Cette scène en 1662 est jouée au Palais royal par Molière lui-même qui tient le rôle du barbon (Armande Béjart jouant le rôle de la jeune Agnès). Elle suscite de vives polémiques. En effet, Molière exprime une idée combattue à son époque : les préceptes religieux ne conduisent pas les jeunes à se conduire sagement.

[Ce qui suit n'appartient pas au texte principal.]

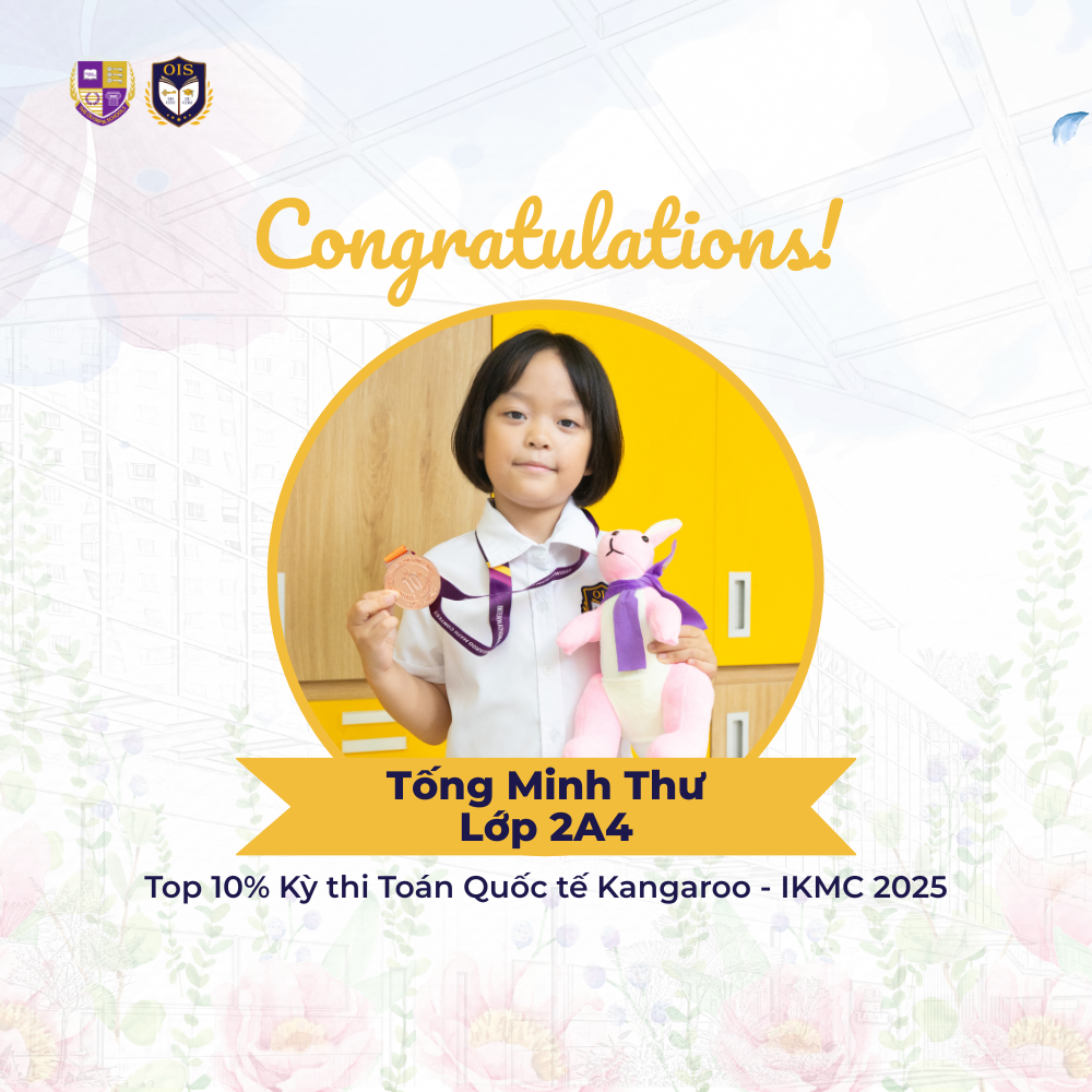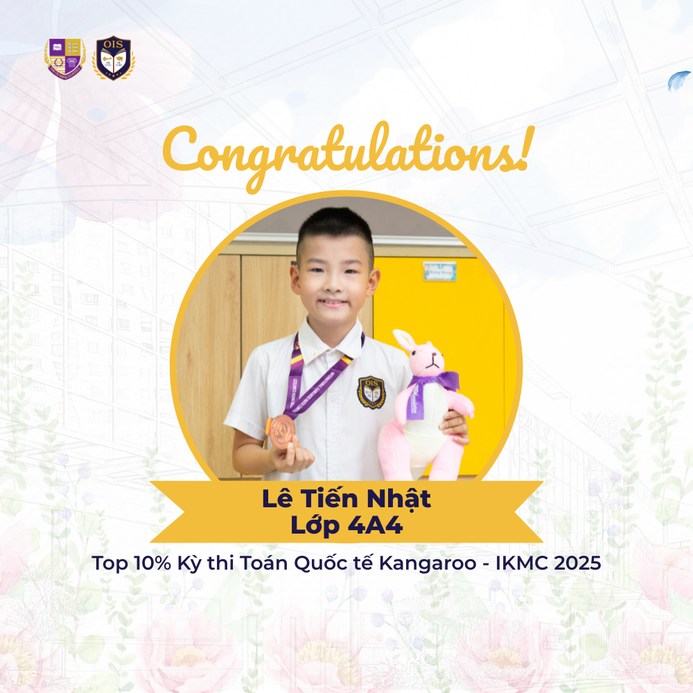 Tại Kỳ thi Toán Quốc tế Kangaroo – IKMC 2025, bạn Tống Minh Thư – Lớp 2A5 và bạn Lê Tiến Nhật – Lớp 4A4 đã vượt qua hơn 20.000 thí sinh đến từ 58 tỉnh/thành phố và nằm trong Top 10% thí sinh xuất sắc nhất.
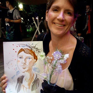Esta pintora de gran talento es el complemento perfecto para todo tipo de eventos y sabe retratar con maestría el ambiente de cada ocasión sobre el papel

En effet, Agnès ignore les conseils d'Arnolphe, c'est l'amour d'Horace qui la mènera au mariage.  La satire que Molière fait jouer à l'encontre des précepteurs rigoristes lance « la querelle de l'école des femmes ». Ainsi Donneau de Visé s'insurge contre cette scène qui parodie le genre du sermon et les 10 commandements.

 

3. la dimension intertextuelle de la scène

Molière répliquera par l'écriture de La critique de l'école des femmes visant à ridiculiser ses détracteurs. Visé serait représenté dans le personnage de Lysidias :

« Le sermon et les maximes ne sont-elles pas des choses ridicules, et qui choquent même le respect qu'on doit à ces mystères »).

Voici la réponse que Dorante (représentant Molière) fait à Lysidias :

« Pour le discours moral que vous appelez un sermon, il est certain que de vrais dévots qui l'ont ouï n'ont pas trouvé qu'il trouvât ce que vous dites ; et sans doute que ces paroles d'enfer et de chaudière bouillantes sont assez justifiées par l'extravagance d'Arnolphe et par l'innocence de celle à qui il parle. »

Cette scène de l'école des femmes reste très vivante durant son époque. Molière y fera encore illusion dans son Dom Juan en 1665 quand il fera a contrario dans la bouche de Dom Juan l'éloge de l'infidélité.

 

Eléments de conclusion :

Molière se livre à une satire de la société dans laquelle la femme est cantonnée à son rôle d'épouse soumise. Les pratiques religieuses sont remises en cause dans  cette scène car la religion devient l'adjuvant d'Arnolphe. C'est le discours religieux qui lui permet d'assujettir Agnès. Le comique est ici satirique : il a pour but la critique de la société. La scène représente en effet deux parties du monde : les dévots et les libertins.

Agnès dans cette scène écoute son tuteur et  lit docilement ses maximes. L'éducation d'Arnolphe porte-t-elle  ses fruits ? Le spectateur découvrira dès la scène 4 grâce à Horace qu'Agnès s'est déjà émancipée et ne suit plus guère les préceptes d' Arnolphe.